WHAT THE TASK REQUIRES
Leaving pictures aside, set down each line exactly, from the first line of the data to the line with "A varanda com", both included.
═════ INFORMATION PROVIDED
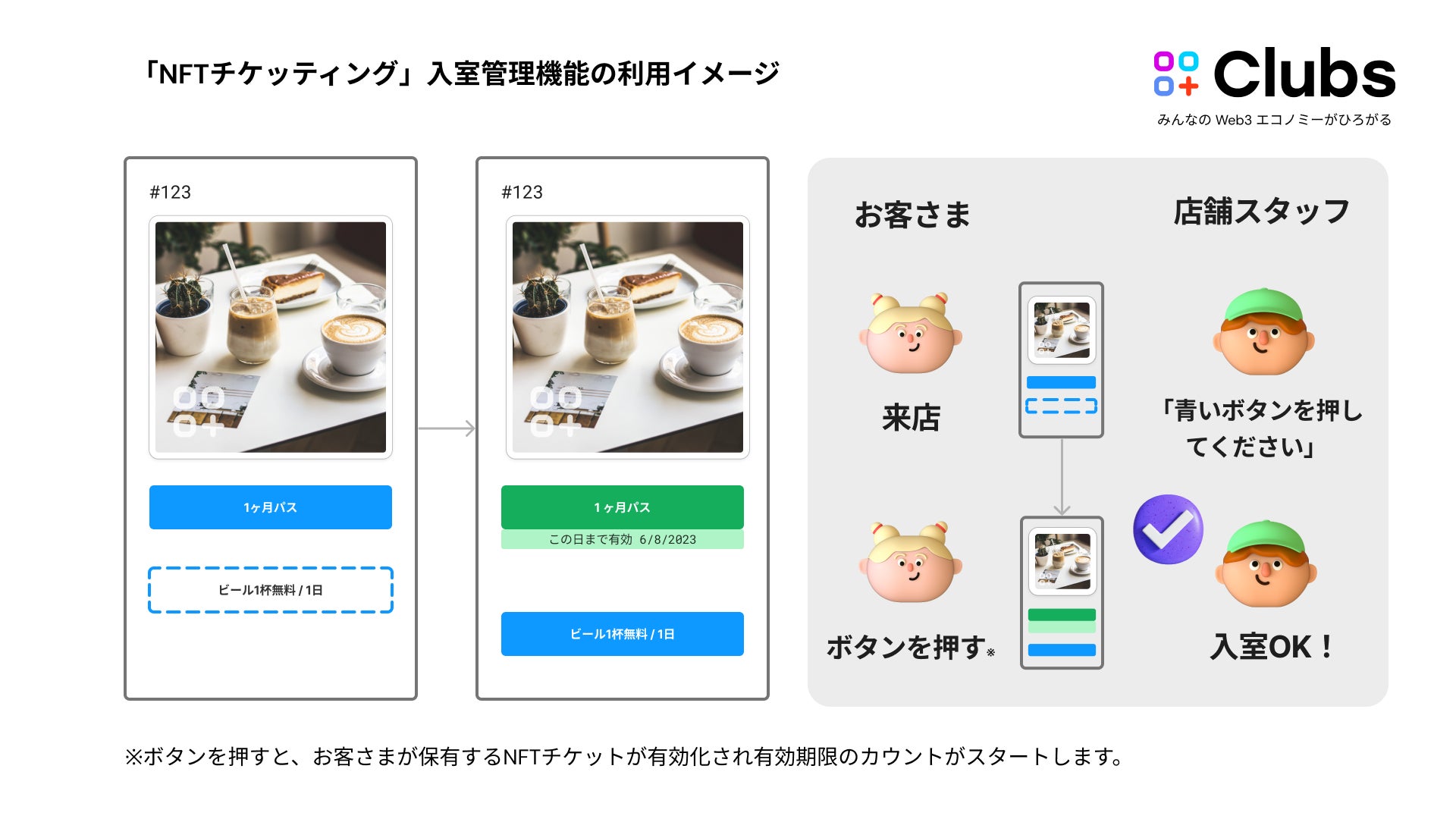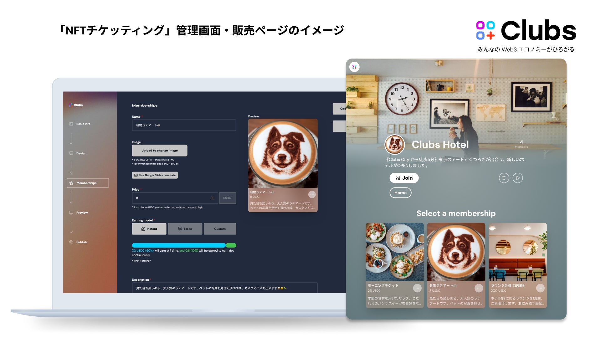 これにより、Clubs 利用者はイベントや催事のチケット、コワーキングスペースの会員権からオンラインLive配信チケットまで、web3の特性を意識することなく、より簡単に販売して、より効率的に管理が可能になります。
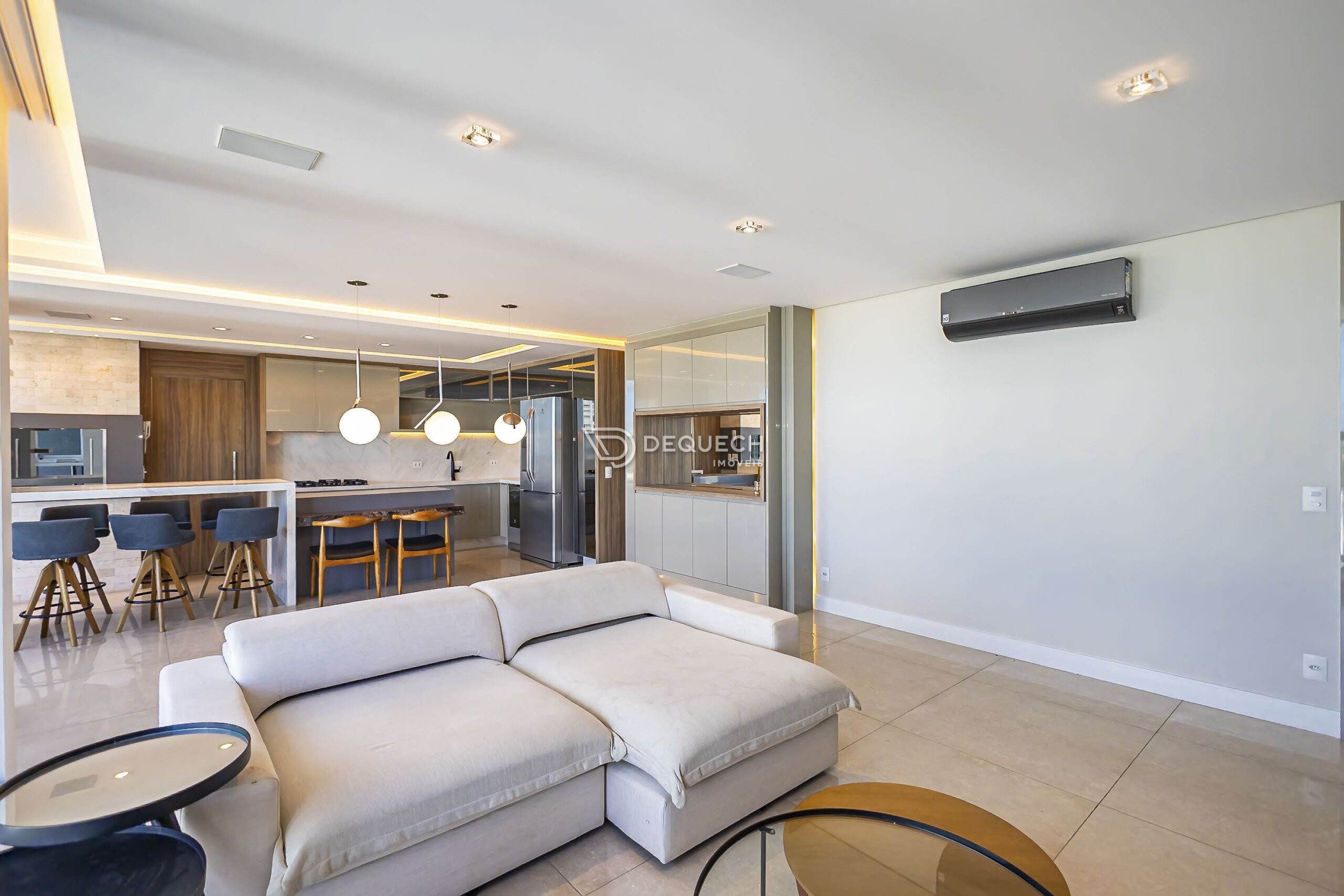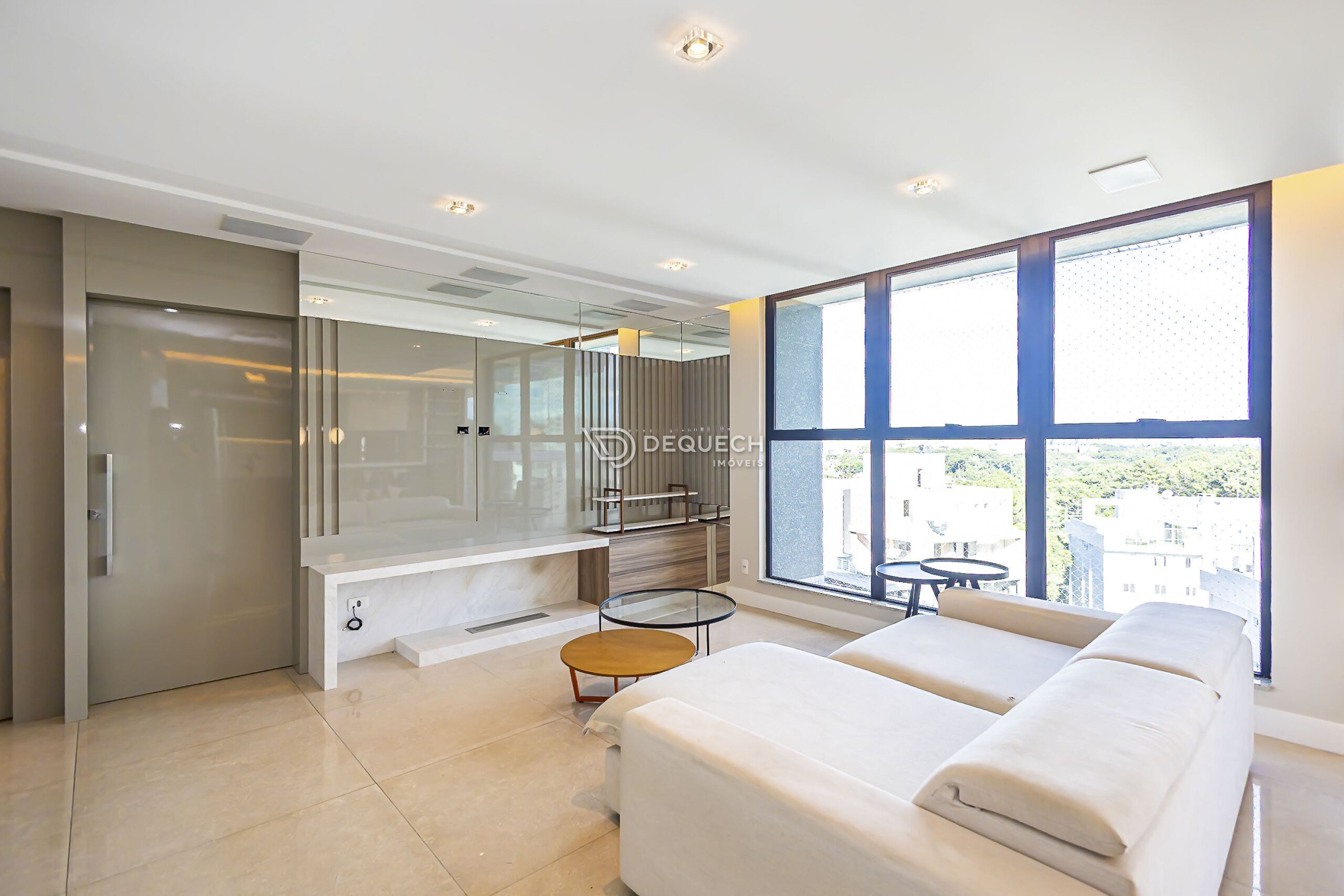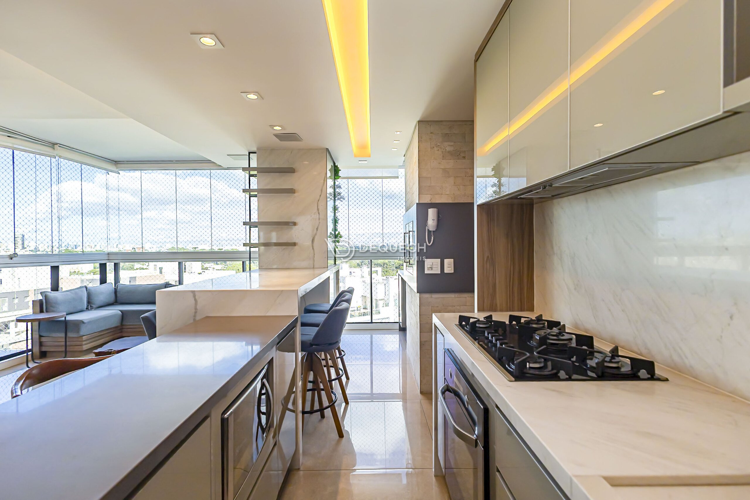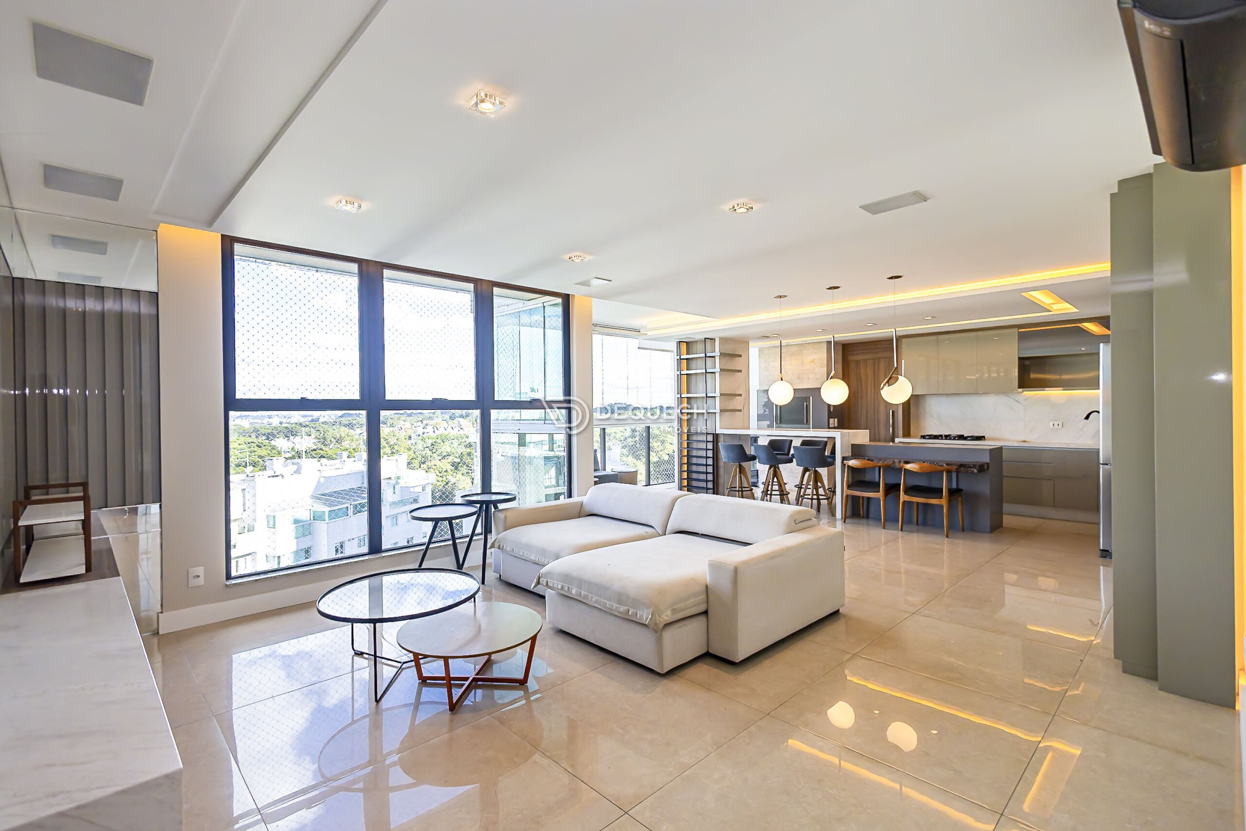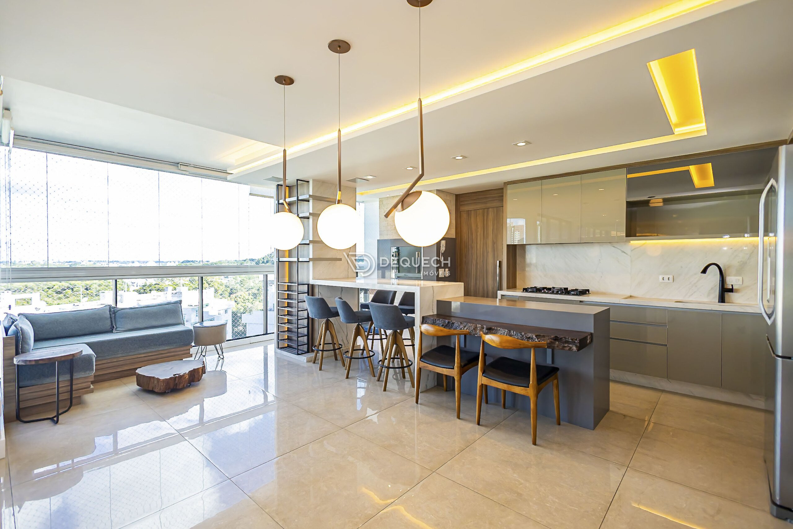 A varanda com fechamento em vidro agrega metragem útil ao ambiente, oferecendo excelente luminosidade
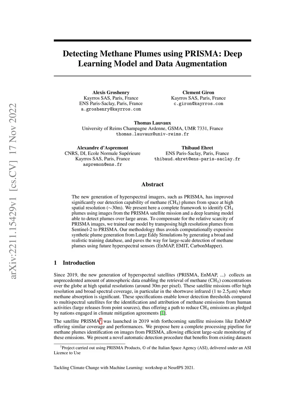 Detecting Methane Plumes using PRISMA: Deep Learning Model and Data
══════════
WORKED SOLUTION
 これにより、Clubs 利用者はイベントや催事のチケット、コワーキングスペースの会員権からオンラインLive配信チケットまで、web3の特性を意識することなく、より簡単に販売して、より効率的に管理が可能になります。
 A varanda com fechamento em vidro agrega metragem útil ao ambiente, oferecendo excelente luminosidade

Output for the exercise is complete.